Entry Date:
July 26, 2004

Petroleum Systems of Gondwanaland


In this project we are studying the nature and origins of petroleum samples from various regions in the Southern Hemisphere.

Severely biodegraded bitumens occur in veins and fluid inclusions in Cambrian and Neoproterozoic rocks of the Fish River Canyon of Namibia. The geochemical signature of these samples, reconstructed from pyrolysates of the bitumens, does not resemble old oils worldwide and suggests they were sourced from a saline, non-marine sediment. A close geochemical match has been established with a saline lacustrine facies of the Permian Whitehill Formation of South Africa and an equivalent but un-named unit in Namibia.

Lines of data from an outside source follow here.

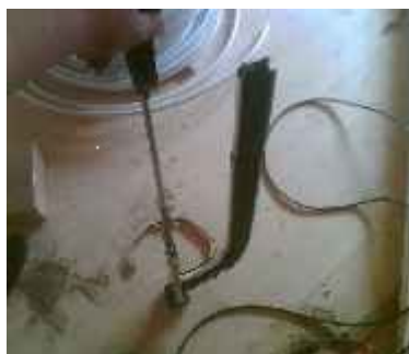
Tacker mit klemmen drin zum befestigen des Rohres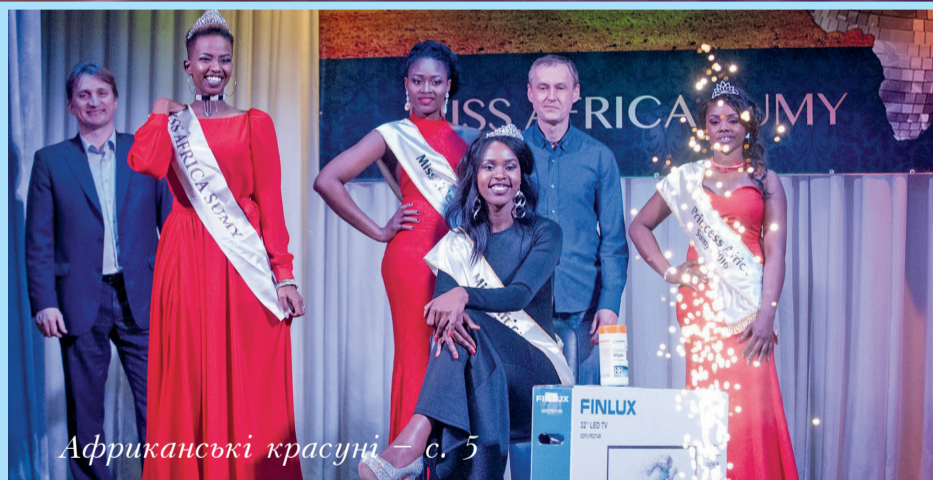
Африканські красуні – с. 5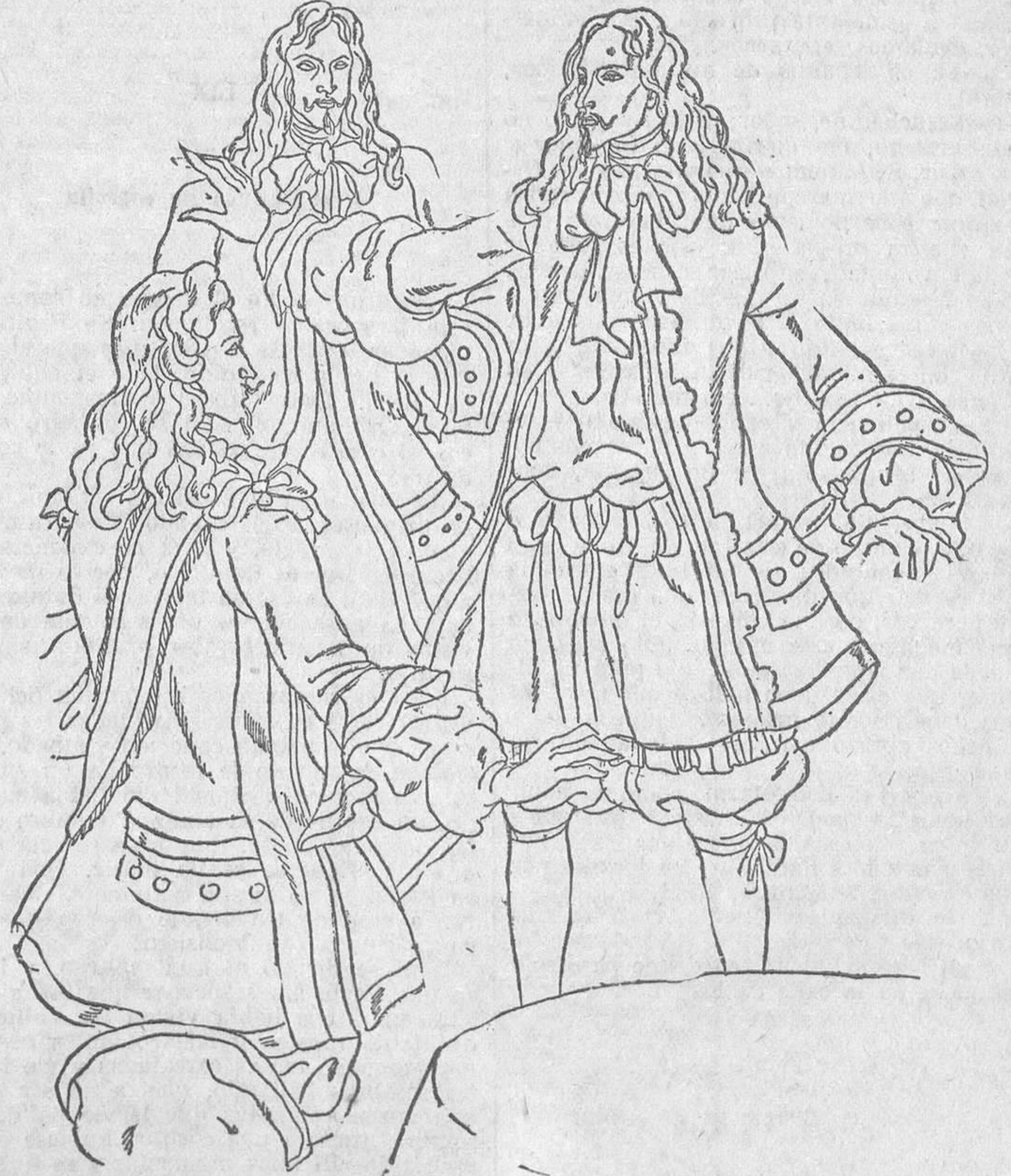
—... Serviré a un amo más poderoso que el rey: serviré a Dios

temple tal, que en ellos toda emoción quedaba oculta, sin dejar rastro, cuando habían resuelto ahogarla en su corazón.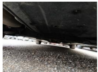
Imagen - 18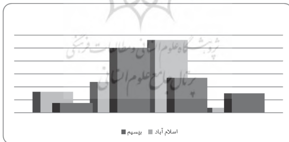
شکل شماره ۲- میانگین سنی سرپرست خانوار

میانگین سنی سرپرست خانوار: از میان پاسخ‌دهندگان (۵۰٪) سرپرست خانوار آن‌ها، در گروه سنی ۴۰-۵۹ سال قرار گرفته است، بعد از آن گروه دوم بوده که (۲۷٫۵٪) خانوارها را در برگرفته و کمترین درصد نیز مربوط به گروه ۶۰-۹۰ سال بوده که (۷٫۵٪) را شامل شده است. ارزیابی وضعیت سنی سرپرستان خانوار در منطقه اسلام‌آباد، نتایج متفاوتی را نشان داده است به طوری که بیشترین گروه سنی (۵۶٫۲٪) را افراد ۳۰-۳۹ سال در برگرفته است و کمترین نیز مربوط به گروه دوم شده است. ارزیابی تطبیقی دو منطقه از لحاظ میانگین سنی سرپرست خانوار نشان داده است که جمعیت ساکن در اسلام‌آباد زنجان، نسبت به منطقه بیسیم جوان‌تر بوده و گروه سنی دوم، بیشترین فراوانی را از میان پاسخ‌گویان داشته است، نتایج بیشتر در نمودار شماره (۱) نشان داده شده است.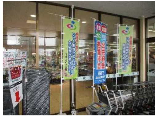
のぼり旗による加入促進（たいらや岡本店）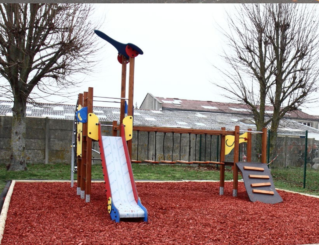
Installation d'une structure de jeux dans l'enceinte du stade municipal.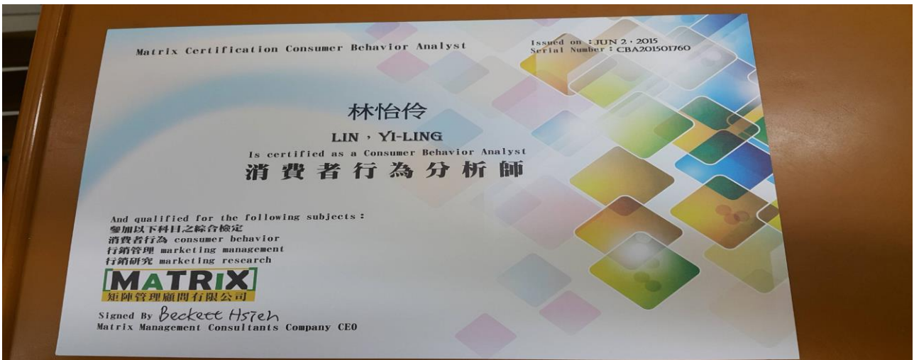
鼓勵學生考取證照一例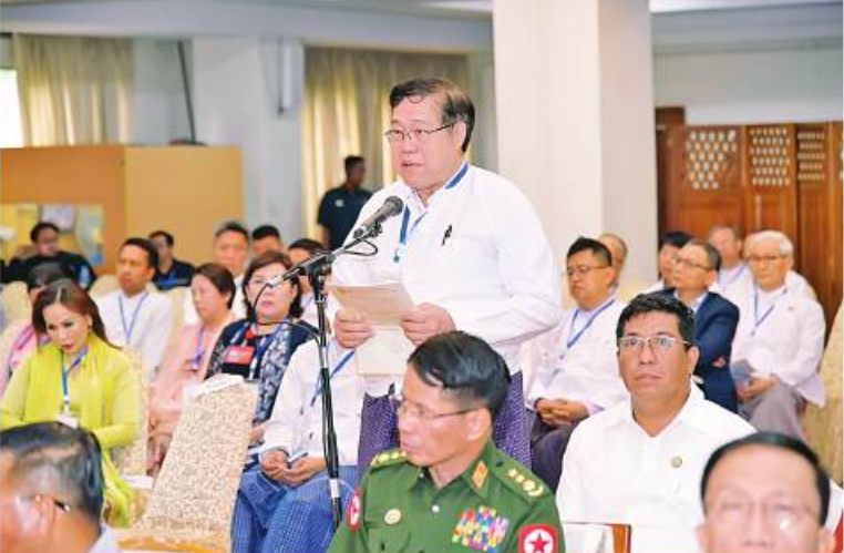
ပြည်ထောင်စုသမ္မတမြန်မာနိုင်ငံ ကုန်သည်များနှင့် စက်မှုလက်မှုလုပ်ငန်းရှင်များအသင်းချုပ်(UMFCCI) ဗဟိုအလုပ်အမှုဆောင်များ၊ ညီနောင်အသင်းအဖွဲ့များမှ တာဝန်ရှိသူများက လုပ်ငန်းဆောင်ရွက်နေမှုအခြေအနေများနှင့် ကဏ္ဍအလိုက် လိုအပ်ချက်များကို တင်ပြဆွေးနွေးစဉ်။

များနှင့် စက်မှုလက်မှုလုပ်ငန်းရှင်များ ရှိခဲ့ခြင်းမရှိကြောင်း၊ ဒီမိုကရေစီအစိုးရ အသင်းချုပ် (UMFCCI)သည် အဓိက အားဖြင့် ရောင်းဝယ်မှုများဆောင်ရွက်သည့် အဖွဲ့ဖြစ်ကြောင်း၊ ထုတ်ကုန်ပစ္စည်းများ ရရှိခဲ့ကြောင်း၊ အဆိုပါငွေများဖြင့် နိုင်ငံခြား ရှိမှသာလျှင် ရောင်းဝယ်မှုများ ဆောင်ရွက် နိုင်မည်ဖြစ်ကြောင်း၊ ထိုသို့ရောင်းချရာတွင် အရေအတွက်များများ ရောင်းချနိုင်ရေး

Hydrogen isotopic signatures offer a potentially new and important way to correlate oils with each other and with their source rocks. How well this works will depend on the degree to which organically-bound hydrogen in hydrocarbons resists exchange reactions over very long timescales. A study of terrestrial oils from Eastern Australia support the notion that exchange is sufficiently limited for the D/H ratios to be valuable. Moreover, in the same basin, petroleum source rocks and derived oils of similar age but different organofacies can have vastly different D/H ratios suggesting that signals from different hydrologic regimes are preserved in petroleum n-alkanes. In contrast to n-alkanes, acyclic isoprenoids appear able to undergo D/H exchange over long timescales.